*WORK ORDER:*
Lower down are entries containing pictures. Copy exactly, without those pictures, the lines from the line with "MÖ 6000'de Mezopotamya'da" through the line with "Nóri öltöztethető, fésülhető".

*THE INPUT:*

◇ ◇ ◇

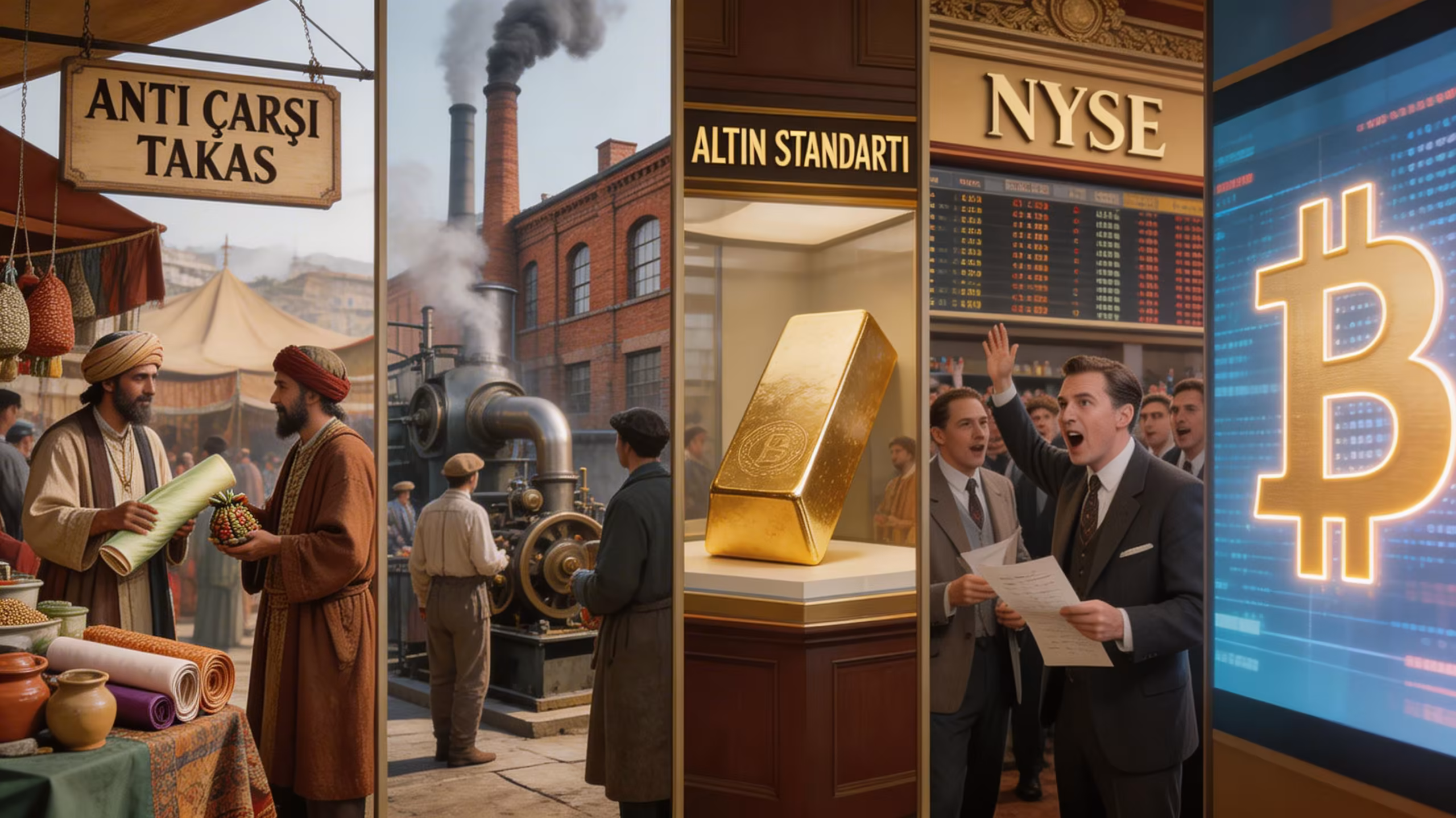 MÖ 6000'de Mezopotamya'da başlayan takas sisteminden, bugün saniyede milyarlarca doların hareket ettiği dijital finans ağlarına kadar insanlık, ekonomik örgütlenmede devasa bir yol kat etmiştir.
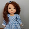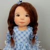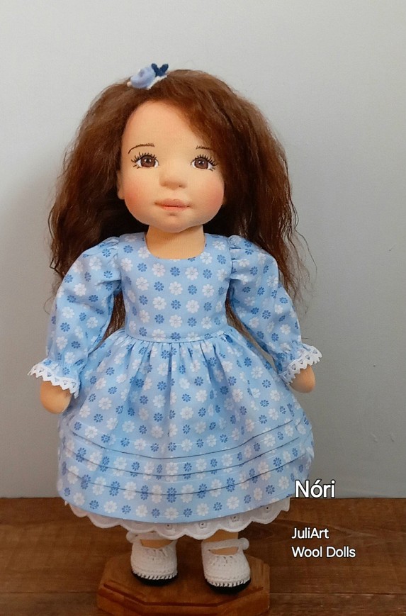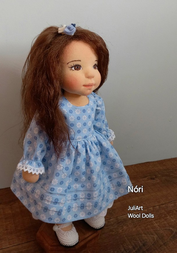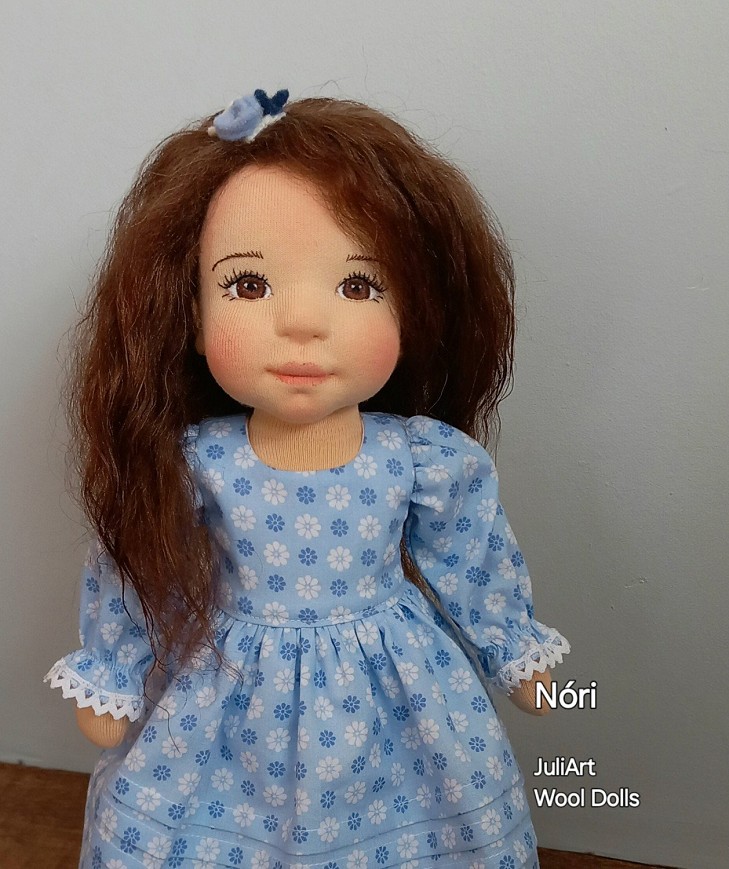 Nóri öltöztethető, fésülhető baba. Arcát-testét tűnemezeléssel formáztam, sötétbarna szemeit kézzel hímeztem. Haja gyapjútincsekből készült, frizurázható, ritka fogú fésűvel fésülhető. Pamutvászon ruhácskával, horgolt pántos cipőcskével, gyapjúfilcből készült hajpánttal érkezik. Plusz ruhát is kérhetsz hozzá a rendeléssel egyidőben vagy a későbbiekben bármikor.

◇ ◇ ◇

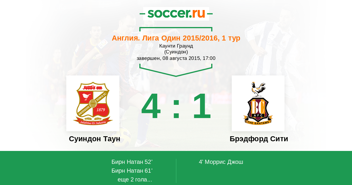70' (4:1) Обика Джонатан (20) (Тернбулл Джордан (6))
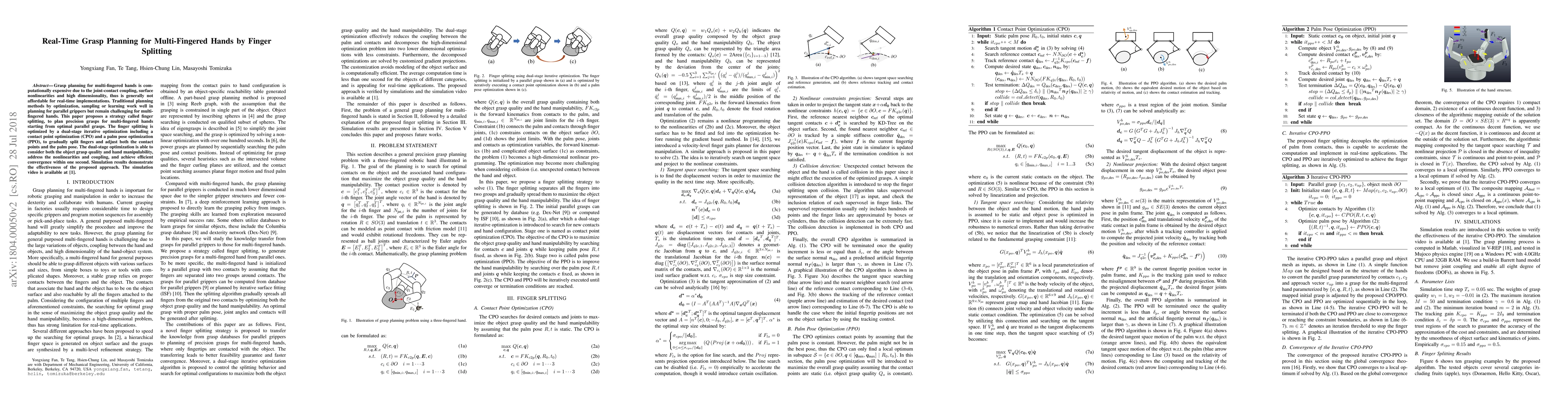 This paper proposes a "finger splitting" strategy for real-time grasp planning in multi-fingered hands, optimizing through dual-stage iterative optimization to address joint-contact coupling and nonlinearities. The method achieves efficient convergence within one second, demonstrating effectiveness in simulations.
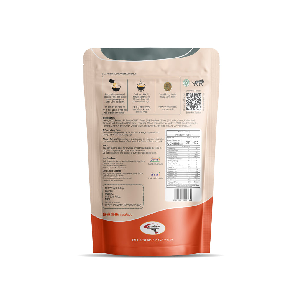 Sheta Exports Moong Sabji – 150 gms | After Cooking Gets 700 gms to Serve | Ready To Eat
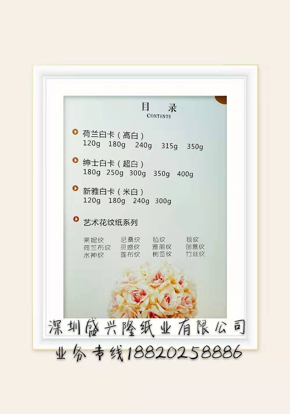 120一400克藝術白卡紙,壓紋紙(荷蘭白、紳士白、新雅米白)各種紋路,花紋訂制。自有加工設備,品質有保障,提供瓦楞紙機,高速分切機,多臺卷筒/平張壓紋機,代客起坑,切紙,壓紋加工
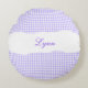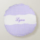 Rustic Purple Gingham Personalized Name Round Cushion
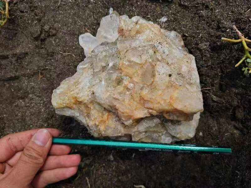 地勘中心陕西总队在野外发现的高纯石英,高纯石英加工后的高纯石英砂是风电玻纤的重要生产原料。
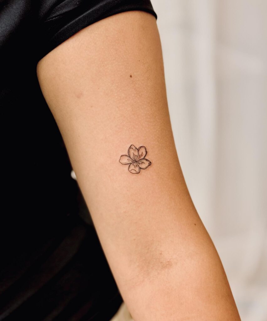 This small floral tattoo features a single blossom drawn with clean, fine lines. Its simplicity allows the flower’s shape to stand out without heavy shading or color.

◇ ◇ ◇

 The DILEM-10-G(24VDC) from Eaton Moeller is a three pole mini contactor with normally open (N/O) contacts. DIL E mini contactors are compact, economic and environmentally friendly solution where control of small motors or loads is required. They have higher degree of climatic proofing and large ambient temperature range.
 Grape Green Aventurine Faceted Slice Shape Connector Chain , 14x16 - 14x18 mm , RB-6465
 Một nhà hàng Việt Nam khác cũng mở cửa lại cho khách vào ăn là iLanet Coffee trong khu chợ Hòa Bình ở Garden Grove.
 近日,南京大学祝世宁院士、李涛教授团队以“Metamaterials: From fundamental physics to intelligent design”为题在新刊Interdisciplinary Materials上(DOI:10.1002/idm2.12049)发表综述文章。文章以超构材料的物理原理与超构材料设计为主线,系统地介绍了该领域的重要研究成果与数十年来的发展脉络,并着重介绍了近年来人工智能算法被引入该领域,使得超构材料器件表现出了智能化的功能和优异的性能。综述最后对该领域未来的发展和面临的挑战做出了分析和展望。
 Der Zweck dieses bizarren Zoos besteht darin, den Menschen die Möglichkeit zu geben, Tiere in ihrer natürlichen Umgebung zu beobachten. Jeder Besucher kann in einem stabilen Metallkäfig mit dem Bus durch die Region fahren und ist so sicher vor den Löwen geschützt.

◇ ◇ ◇

*SOLUTION TO THIS TASK:*
 MÖ 6000'de Mezopotamya'da başlayan takas sisteminden, bugün saniyede milyarlarca doların hareket ettiği dijital finans ağlarına kadar insanlık, ekonomik örgütlenmede devasa bir yol kat etmiştir.
 Nóri öltöztethető, fésülhető baba. Arcát-testét tűnemezeléssel formáztam, sötétbarna szemeit kézzel hímeztem. Haja gyapjútincsekből készült, frizurázható, ritka fogú fésűvel fésülhető. Pamutvászon ruhácskával, horgolt pántos cipőcskével, gyapjúfilcből készült hajpánttal érkezik. Plusz ruhát is kérhetsz hozzá a rendeléssel egyidőben vagy a későbbiekben bármikor.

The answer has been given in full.